Posted on 07-22-2019 07:21 AM
Do you just run the provided install script during every check in? How does it handle computer where it is already installed? Does it reinstall it every check in or just leave it alone if it is already there?
Posted on 09-12-2019 09:56 AM
I have that question too. I am concerned that installing over the top at every check in could cause issues.
Posted on 10-21-2019 11:16 AM
Does anyone have a step-by-step guide on how to package the Relay Smart Agent? The directions regarding using the above script are still a bit confusing to me. And Lightspeed's technical support by chat only and "follow the directions on this link" are a bit frustrating. Thank you in advance.
Posted on 10-30-2019 08:05 AM
Did anyone get relay working for ipads with Jamf? We can deploy the configuration but if a new user logins into the ipad it still will show the old user information.
Posted on 10-30-2019 11:53 AM
We now have all of our 3-8th grade iPads, and high school laptops on Relay. @Rjackson1 What are you using in the User Name field in your JAMF conifig for Relay? We are using an extension attribute which maps to their email in LDAP, but they are not shared iPads either.
Posted on 10-30-2019 12:35 PM
@dwaterbury You dont need to repackage the SmartAgent.dmg. After downloading the agent from relay.school, just upload it straight to Jamf Admin, then use the Jamf provided script here installPKGfromDMG see the below screenshot of the policy.
Posted on 03-09-2020 06:36 AM
Can someone help me with deploying relay to our staff's Macs?
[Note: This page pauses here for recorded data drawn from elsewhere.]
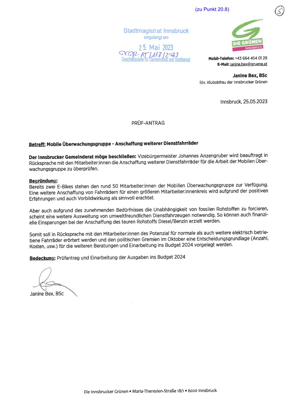 Der Innsbrucker Gemeinderat möge beschließen: Vizebürgermeister Johannes Anzengruber wird beauftragt in
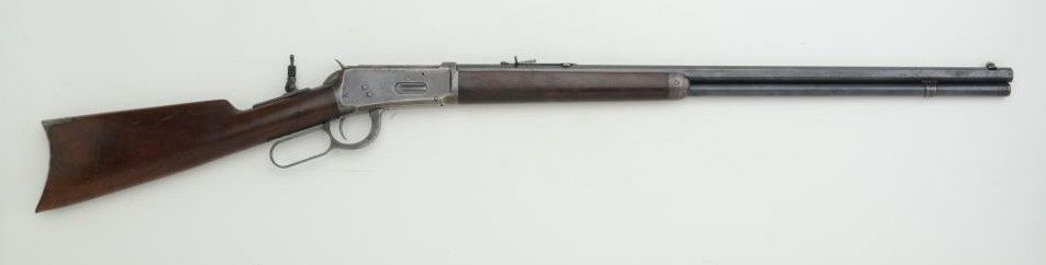 Winchester Model 1894 lever action rifle, .30 W.C.F. cal., 26” octagon barrel, blue finish, wood stocks, #436699. This gun is in overall very good to fine condition showing the majority of its original finish on thebarrel assembly and strong traces of original finish on the receiver; very good bore, action, markings and wood stocks; Lyman adjustable tang sight. From an old estate. Est.: $300-$600.
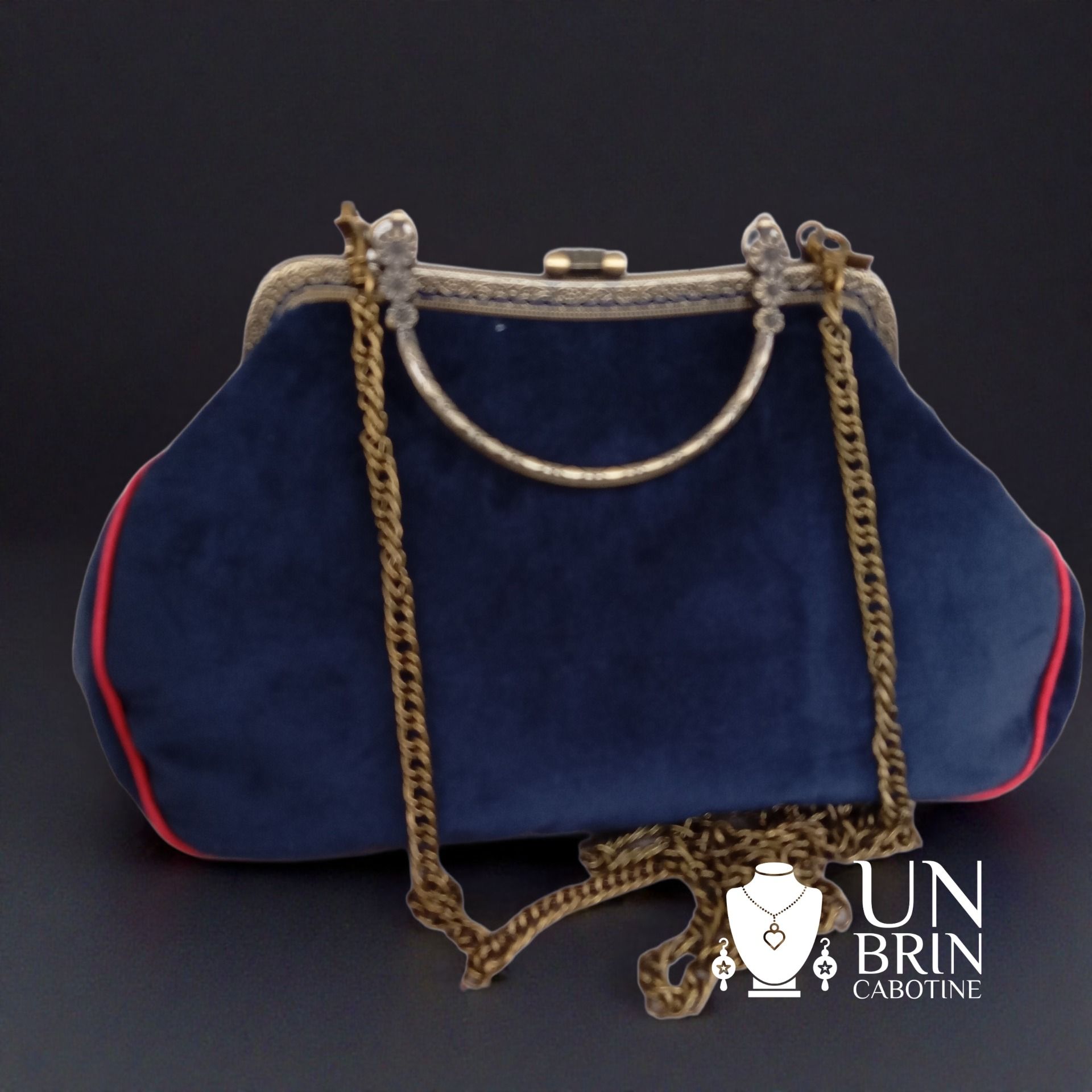 - Sangle en chaîne de couleur bronze, assortie au fermoir.
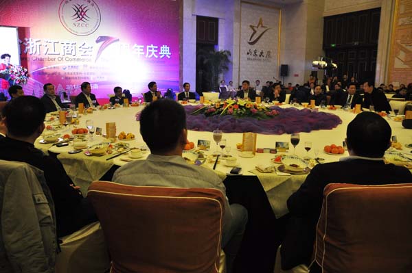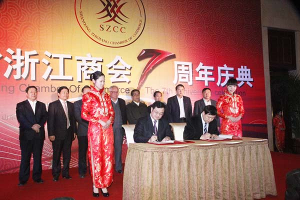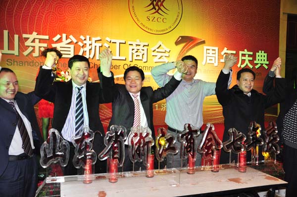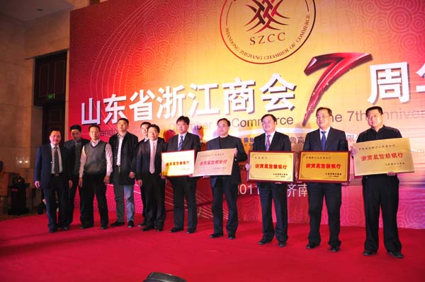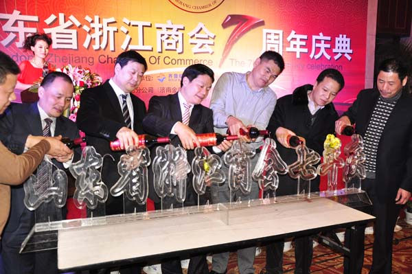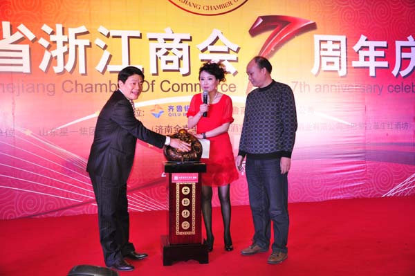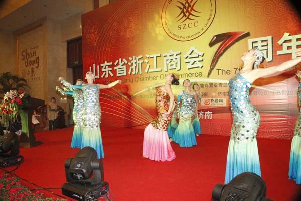 2011年1月22日,山東省浙江商會(huì)成立七周年慶典在濟(jì)南–山東大廈金色大廳隆重舉行。山東省政協(xié)副主席齊乃貴、國土資源部土地咨詢研究部主任潘文燦、省發(fā)改委原主任倪永康、省政府副秘書長張德寬、省委統(tǒng)戰(zhàn)部常務(wù)副部長孫傳宏、山東省旅游局副局長賴征宇等領(lǐng)導(dǎo)出席慶典活動(dòng)。廣大齊魯浙商代表、徽商、閩商、蘇商、陜商等兄弟商會(huì)代表,山東省發(fā)改委、省民政廳、省工商局、省中小企業(yè)辦、濟(jì)南、濱州、萊蕪等地市領(lǐng)導(dǎo),聊城軍分區(qū)、金融機(jī)構(gòu)及各媒體近500人歡聚一堂,共慶商會(huì)七周年。齊魯網(wǎng)對慶典活動(dòng)進(jìn)行現(xiàn)場直播。
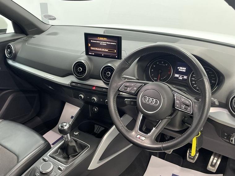 7 STAMP SERVICE HISTORY, AUDI INFOTAINMENT SYSTEM FEATURING SAT NAV, DAB RADIO, BLUETOOTH PHONE AND MEDIA ENABLING UNLIMITED MUSIC STREAMING, S-LINE EMBOSSED HALF LEATHER, AIR CON, PARKING SENSORS, 18 ALLOY WHEELS, AUTOMATIC LIGHTS/ WIPERS, LED LIGHTS, FLEXIBLE MONTHLY PAYMENTS AVAILABLE ON THIS CAR. This 2019 Audi Q2 TFSI S line finished in Ibis white with s-line half leather interior offers a compelling blend of style and efficiency, boasting low CO2 emissions for its class. As a Euro 6 compliant vehicle, it features a responsive 1.5 litre petrol engine, ensuring a smooth and capable driving experience. The S line trim enhances its sporty appeal with striking 18 inch alloy wheels in a matt titanium look with a diamond cut finish. Practicality is also key, with the inclusion of a light and rain sensor for automatic headlight activation and manual air conditioning to keep you comfortable. Connectivity is seamless thanks to the Bluetooth interface, allowing for easy integration of your devices. The performance of this Audi Q2 is noteworthy, achieving 0 to 60 miles per hour in just 8.5 seconds, demonstrating its agile acceleration. The advanced LED headlights, complemented by dynamic rear indicators, not only improve visibility but also add a modern touch to the vehicles design. These features collectively indicate a superior driving proposition compared to other vehicles in its segment, offering a refined and engaging ownership experience. Sat nav, multi media entertainment with blue-tooth media streaming, rear parking sensors, electric windows and mirrors, centre arm rest, remote central locking alarm and immobiliser, isofix rear seats. Supplied with HPI report and vehicle book pack. THIS CAR IS AA APPROVED AND SOLD WITH A 145 POINT AA INSPECTION CERTIFICATE AND A NATIONWIDE PARTS AND LABOUR WARRANTY, SAME DAY DRIVE AWAY AVAILABLE ON ALL AA INSPECTED CARS. WE OFFER WITH ALL OF OUR CARS A BRONZE, SILVER AND GOLD PROTECTION PACKAGE WHICH INCLUDES A 145 POINT AA INSPECTION, NATIONWIDE ALL MECHANICAL AND ALL ELECTRICAL WARRANTY, AA BREAKDOWN COVER, 12 MONTHS MOT TOP UP VOUCHER, GARDEX SANITIZATION, HPI GOLD CHECK AND COURTESY CAR AVAILABILITY FROM £299. WE ALSO OFFER ALL TYPES OF FINANCE. 3 YEAR PARTS / LABOUR WARRANTY AND SERVICE PLANS AVAILABLE ON ALL AA INSPECTED CARS. .
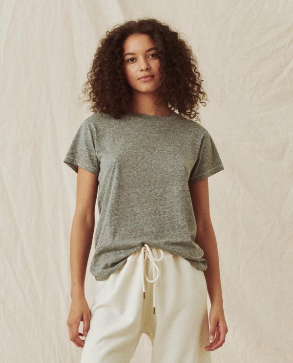 This perfect tee is a bit more narrow and a touch longer than our classic boxy crew. It is straight through the body and has all the softness and detailing of a timeless vintage tee.
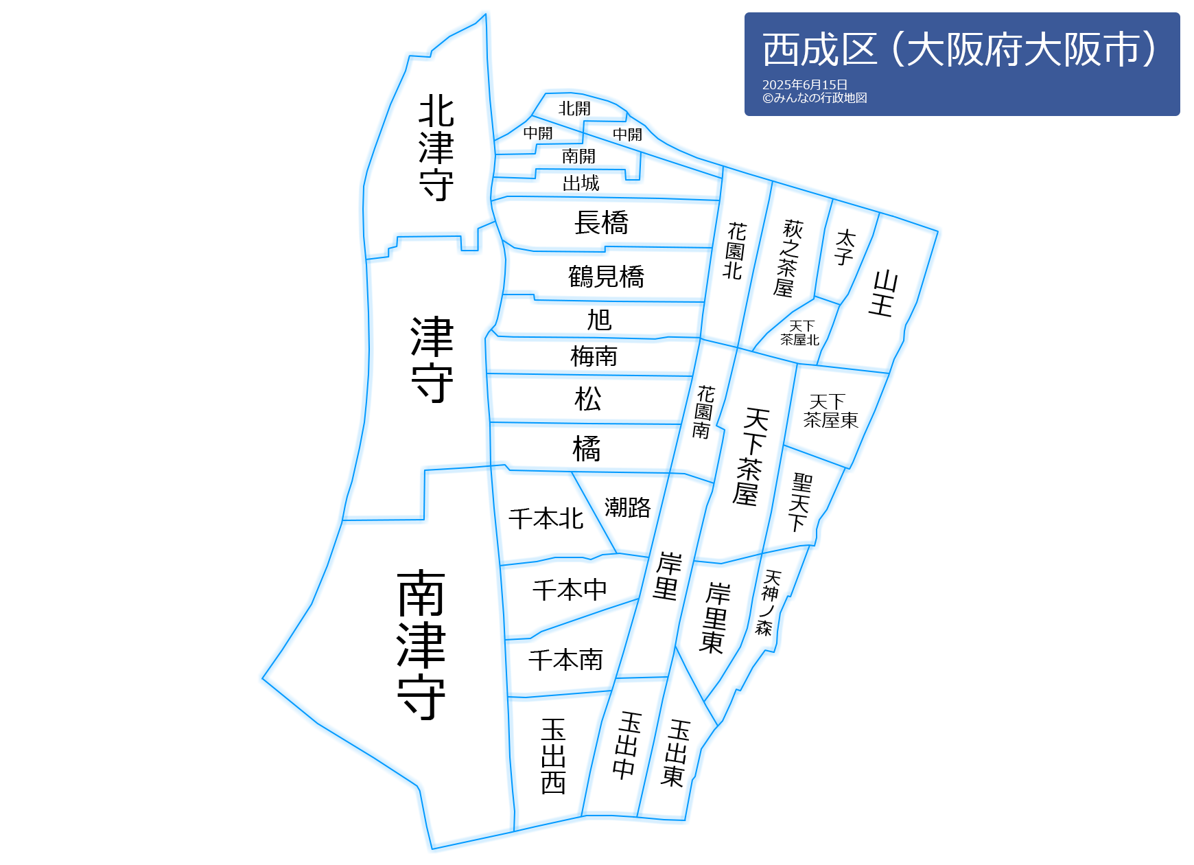 太子(たいし)橘(たちばな)玉出中(たまでなか)玉出東(たまでひがし)玉出西(たまでにし)津守(つもり)鶴見橋(つるみばし)出城(でしろ)天下茶屋(てんがちゃや)天下茶屋東(てんがちゃやひがし)天下茶屋北(てんがちゃやきた)天神ノ森(てんじんのもり)
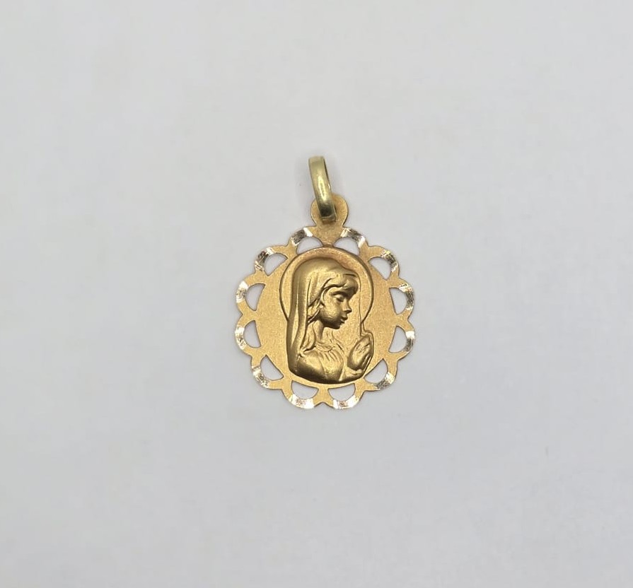 Medalla de oro en forma de flor 18k de 18mm de diámetro con el relieve de la imagen de Virgen niña Manto. Esta preciosa medalla tiene un acabado mate con un tallado clásico que hace destacar el relieve de la figura . Además puede ser gravada en su espalda lisa con dedicatoria. Ideal como regalo.

Posted on 05-06-2022 11:54 AM
Trying to tackle this some more. I was able to get it to work, or so I thought, but have found that the user's history isn't appearing in the Relay Admin interface. Sites are being blocked on the laptops and data is appearing on the Relay Dashboard, but it's not linking to each user. I think this might have broke with Monterey, which I upgraded the students to recently. I have a test student machine still on 11.4.0, which is showing up correctly under that user's account in Lightspeed.
Here are Lightspeeds "directions".
1. I have a Configuration Profile that push out the certificate file ca.cer.
2. Since I am using the installPKGfromDMG.sh to install the SmartAgent.dmg, it creates the config.json file, so no need to follow that step under the "Bulk Installation via MDM" section.
3. After installing and running their makeCA program, I used composer and copied the following files from the /usr/local/etc directory to a .dmg. Then push them out as a separate policy.
ca.pem, ca_key.pem, localhost.pem, localhost_key.pem
I've tried several calls with Lightspeed Support, but they only seem to understand their own MDM and reply with "Here are the directions for our MDM".
Posted on 05-09-2022 07:00 AM
So it "appears" to be working, but it took a while for it to register in Lightspeed's system. Although I tried to access a couple of blocked sites around 2-3 pm on Friday afternoon (which were correctly blocked on the MacBook Air), it shows up in the Logs for that user as 12:52 am Saturday morning.